> [PROMPT]: Write out every entry below exactly as it appears. Pictures do not belong in the copy.
___ RECORDS TO USE ___
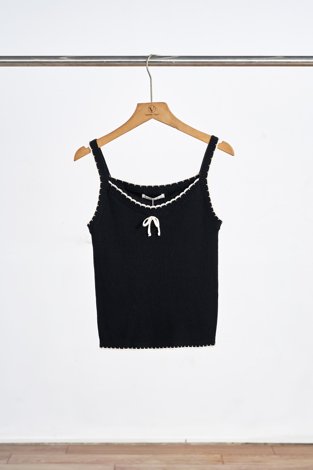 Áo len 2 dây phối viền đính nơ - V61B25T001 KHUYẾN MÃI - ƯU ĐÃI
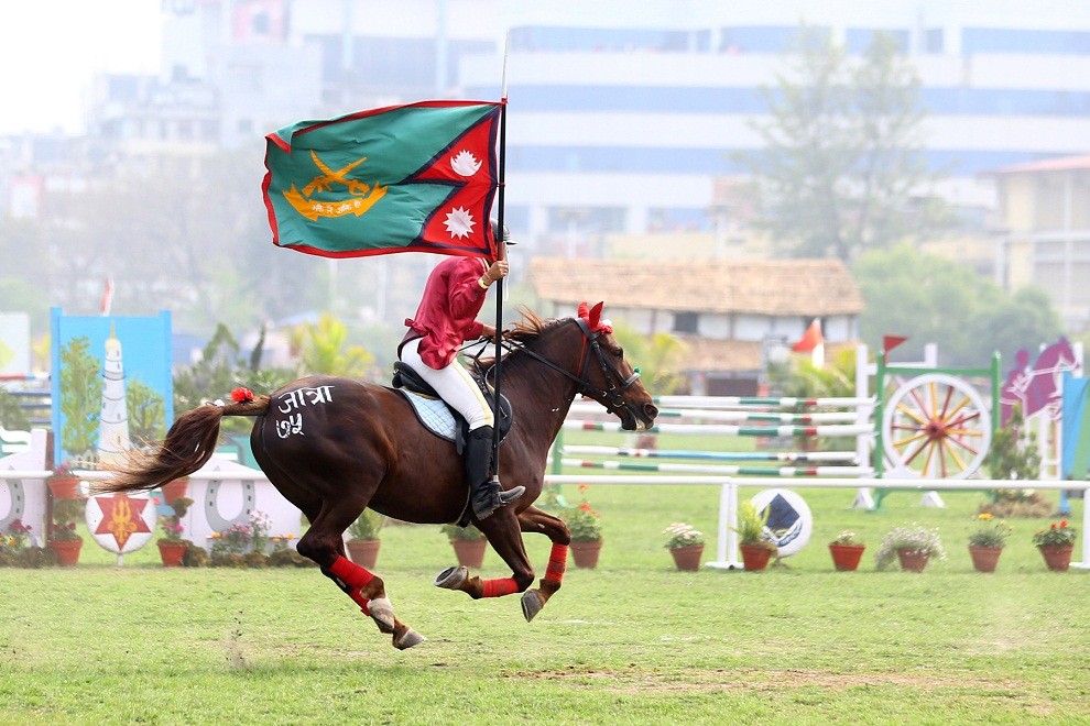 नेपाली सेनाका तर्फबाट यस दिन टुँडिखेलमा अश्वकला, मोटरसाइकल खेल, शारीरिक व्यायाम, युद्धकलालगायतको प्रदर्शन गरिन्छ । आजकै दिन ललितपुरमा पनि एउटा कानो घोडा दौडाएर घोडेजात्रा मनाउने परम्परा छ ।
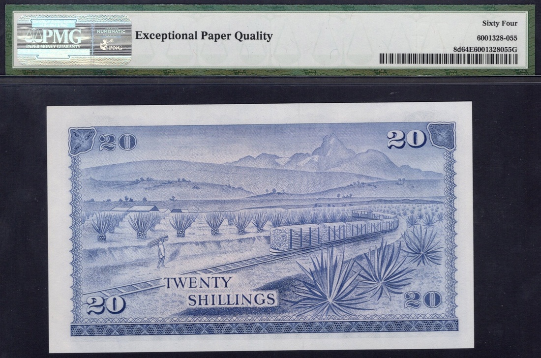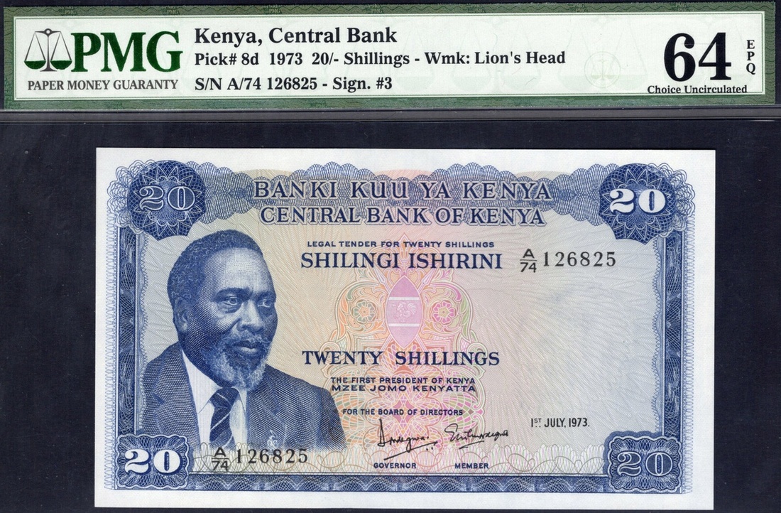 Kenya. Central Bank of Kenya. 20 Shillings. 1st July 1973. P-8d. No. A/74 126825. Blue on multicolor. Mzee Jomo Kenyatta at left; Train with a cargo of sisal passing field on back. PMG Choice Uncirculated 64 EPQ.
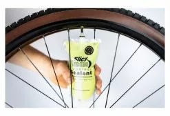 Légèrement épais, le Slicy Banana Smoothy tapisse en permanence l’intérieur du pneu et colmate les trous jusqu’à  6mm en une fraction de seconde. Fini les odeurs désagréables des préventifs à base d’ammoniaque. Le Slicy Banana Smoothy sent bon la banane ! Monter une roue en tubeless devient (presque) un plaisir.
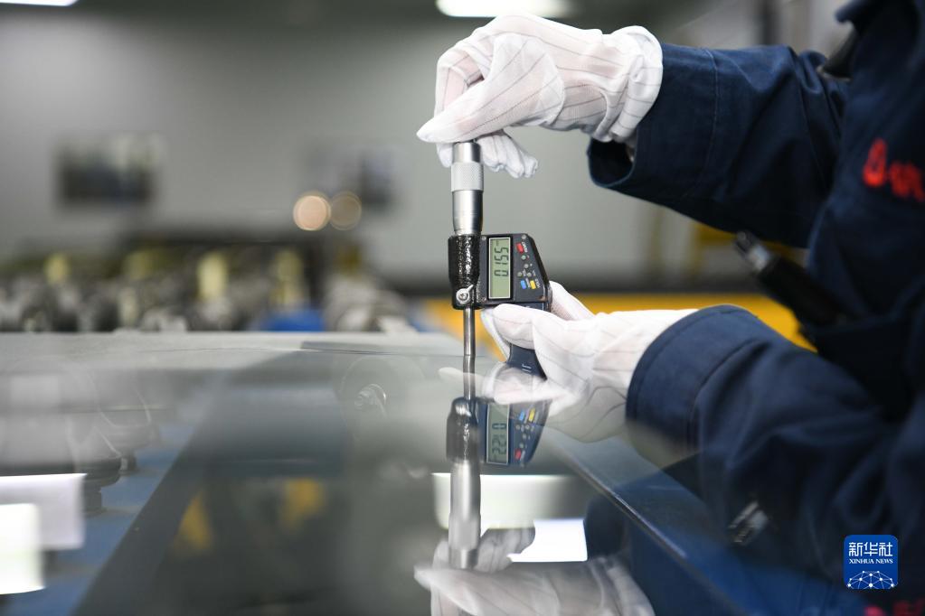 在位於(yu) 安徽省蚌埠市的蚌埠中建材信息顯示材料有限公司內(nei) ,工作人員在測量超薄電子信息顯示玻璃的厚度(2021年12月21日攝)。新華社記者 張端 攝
___
> [RESPONSE TO THIS TASK]:
 Áo len 2 dây phối viền đính nơ - V61B25T001 KHUYẾN MÃI - ƯU ĐÃI
 नेपाली सेनाका तर्फबाट यस दिन टुँडिखेलमा अश्वकला, मोटरसाइकल खेल, शारीरिक व्यायाम, युद्धकलालगायतको प्रदर्शन गरिन्छ । आजकै दिन ललितपुरमा पनि एउटा कानो घोडा दौडाएर घोडेजात्रा मनाउने परम्परा छ ।
 Kenya. Central Bank of Kenya. 20 Shillings. 1st July 1973. P-8d. No. A/74 126825. Blue on multicolor. Mzee Jomo Kenyatta at left; Train with a cargo of sisal passing field on back. PMG Choice Uncirculated 64 EPQ.
 Légèrement épais, le Slicy Banana Smoothy tapisse en permanence l’intérieur du pneu et colmate les trous jusqu’à  6mm en une fraction de seconde. Fini les odeurs désagréables des préventifs à base d’ammoniaque. Le Slicy Banana Smoothy sent bon la banane ! Monter une roue en tubeless devient (presque) un plaisir.
 在位於(yu) 安徽省蚌埠市的蚌埠中建材信息顯示材料有限公司內(nei) ,工作人員在測量超薄電子信息顯示玻璃的厚度(2021年12月21日攝)。新華社記者 張端 攝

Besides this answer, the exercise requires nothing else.